Original decal of the Stanford Indian

Original decal of the Stanford Indian

At the 2013 PENPEX Stamp Show I displayed a 24 page topical exhibit titled: Native American Indians on Stamps/Postcards/Cachets/Souvenir Sheets. This article is based on one of the pages of the exhibit which features a Native American tribe of the Bay Area and the sensitivity of a local university to their culture. That school, Stanford, is located in Palo Alto on the San Francisco Peninsula just three miles south of the Sequoia Stamp Club of Redwood City.

From 1930 until 1972, Stanford’s sports teams had been known as the Indians, and, during the period from 1951 to 1972, Prince Lightfoot was the official mascot. But in 1972, Native American students and staff members successfully lobbied to abolish the “Indian” name along with what they had come to perceive as an offensive and demeaning mascot.

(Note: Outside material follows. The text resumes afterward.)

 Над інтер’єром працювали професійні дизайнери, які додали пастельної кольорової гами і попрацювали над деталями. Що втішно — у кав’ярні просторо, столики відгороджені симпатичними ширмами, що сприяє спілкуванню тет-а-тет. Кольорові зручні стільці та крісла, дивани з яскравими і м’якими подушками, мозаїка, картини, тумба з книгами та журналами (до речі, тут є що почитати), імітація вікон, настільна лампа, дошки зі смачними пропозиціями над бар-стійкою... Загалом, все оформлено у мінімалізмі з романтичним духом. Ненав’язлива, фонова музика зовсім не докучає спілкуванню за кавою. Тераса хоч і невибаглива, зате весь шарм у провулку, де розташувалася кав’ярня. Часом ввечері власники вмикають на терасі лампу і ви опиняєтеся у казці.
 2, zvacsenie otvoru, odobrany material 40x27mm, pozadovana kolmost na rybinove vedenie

Post Card of Stanford Chapel

Post Card of Stanford Chapel

Stanford’s team name is now the “Cardinal,” referring to the vivid red color (not the common song bird as at several other schools). Stanford has no official mascot, but the “Tree”, a member of the Stanford Band wearing a self-designed tree costume, appears at major Stanford sports events.

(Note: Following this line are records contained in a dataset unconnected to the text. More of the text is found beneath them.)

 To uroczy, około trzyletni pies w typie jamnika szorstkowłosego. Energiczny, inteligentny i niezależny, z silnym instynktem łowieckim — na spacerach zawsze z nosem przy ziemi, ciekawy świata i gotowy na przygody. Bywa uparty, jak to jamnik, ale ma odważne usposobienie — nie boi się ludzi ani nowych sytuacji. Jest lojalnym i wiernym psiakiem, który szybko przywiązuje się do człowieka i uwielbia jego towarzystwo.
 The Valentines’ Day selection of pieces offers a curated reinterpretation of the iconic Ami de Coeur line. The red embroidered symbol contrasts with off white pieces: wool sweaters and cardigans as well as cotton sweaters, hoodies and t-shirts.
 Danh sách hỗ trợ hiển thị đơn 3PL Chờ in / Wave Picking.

Stanford University was built on land originally inhabited by the Muwekma Ohlone Tribe. From the Stanford Chapel located at the center of the campus begins the main road which becomes University Avenue and stretches about a mile going through downtown Palo Alto and continuing on to the east end of the town to the bay shore near the Dumbarton Bridge. The construction boom that took place in the post-World War II years had resulted in the destruction of many Ohlone/Costanoan sites in the Bay Area. In the early 1950s a housing development was under construction called “University Village” in this area of East Palo Alto. Students from the Stanford Archeology Department determined that the area contained ancient California Indian artifacts such as pottery, arrow heads, tools, and bones that were more than 10,000 years old, and they were able to halt the construction. For a period of time, these artifacts were exhibited at the Stanford Museum.

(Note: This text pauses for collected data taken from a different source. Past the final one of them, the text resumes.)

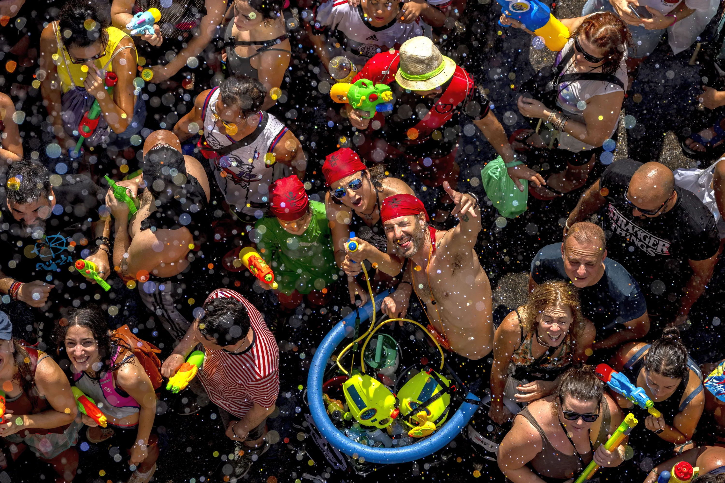 People take part during the annual water fight in the streets of the Vallecas neighborhood of Madrid, Spain, Sunday, July 17, 2022. (Photo by Manu Fernandez/AP Photo)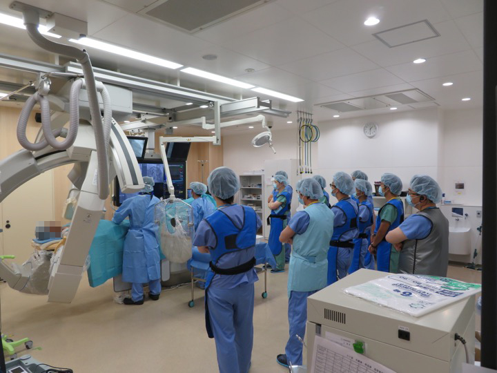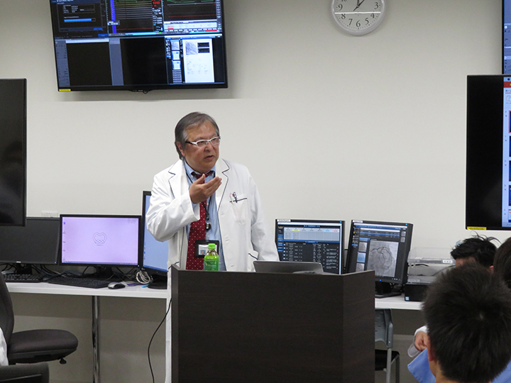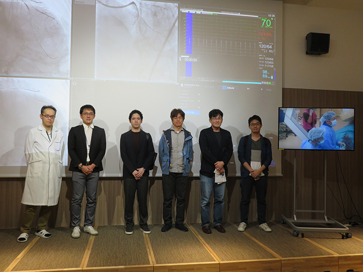 angio装置画像やカテーテル室内映像を別室の大会議室スクリーンへ映し出し、ライブスタイルで行いました。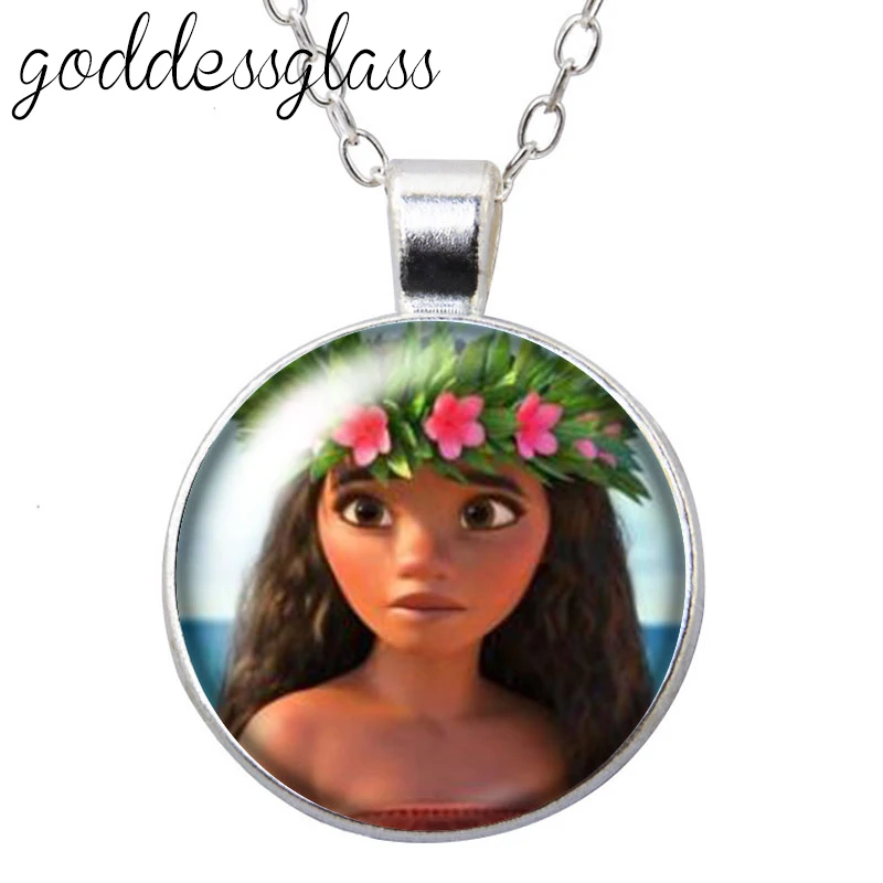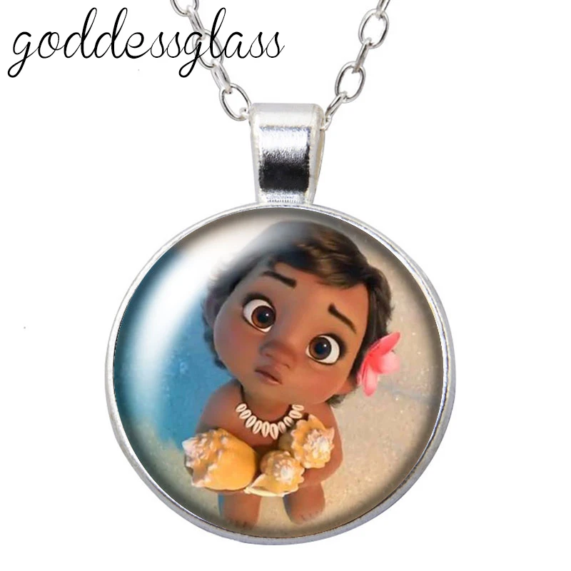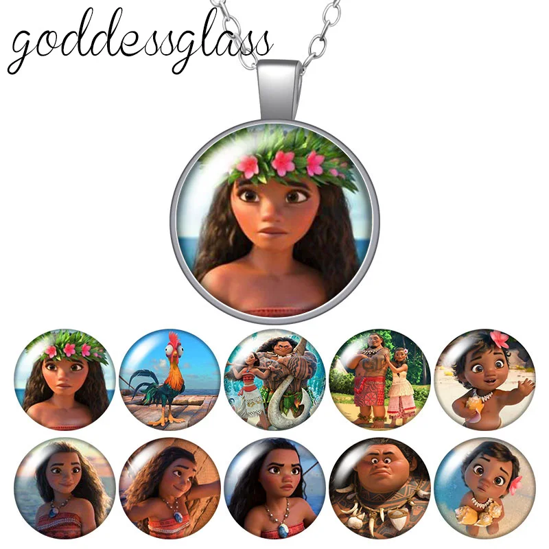 Disney Princess Moana Maui Tui Sina, круглый стеклянный кабошон, посеребренныйхрустальный кулон, ожерелье, Ювелирное Украшение для подарка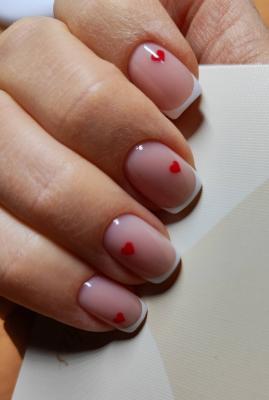 - наращивание ногтей + долговременное покрытие френч: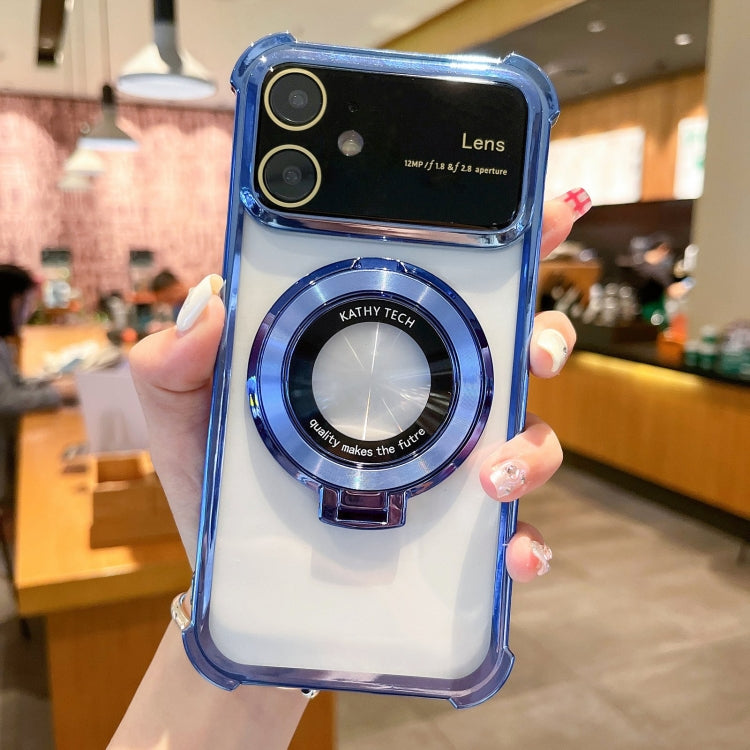 Funda para Teléfono iPhone 11 Magsafe Holder TPU a Prueba de Golpes con Película para Lentes (Azul)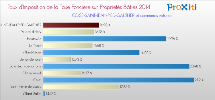 En 2014, le taux de la taxe foncière sur le bâti vôté par le conseil municipal de Coise-Saint-Jean-Pied-Gauthier était de : 16.98 %.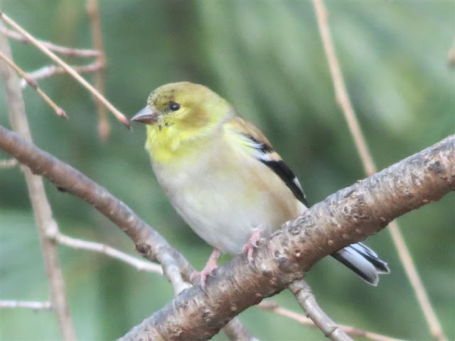 A Ruby-crowned Kinglet above and another open winged kinglet below. LOL, if you look real hard you can see the ruby crown on the kinglet in the top of the photo.

Ohlone Indians in a Tule Boat in the San Francisco Bay 1822

Ohlone Indians in a Tule Boat in the San Francisco Bay 1822 (from Wikimedia.org.)

From the 1950s to the 1970s, Stanford anthropology organized digs in connection with many campus building projects, such as the Stanford Linear Accelerator Center. Students excavated some 600 Muwekma-Ohlone graves, storing the remains and artifacts in boxes at the Stanford Museum. In 1988, a University committee agreed to respect the tribe’s spiritual beliefs and rebury the bones already stored at the Stanford Museum. Now, whenever an Indian skeleton is found in the process of a dig, it is left in place. As for the artifacts, the University plans to mount exhibitions of the more interesting finds. That way, everyone will have a chance to glimpse the old Ohlone way of life.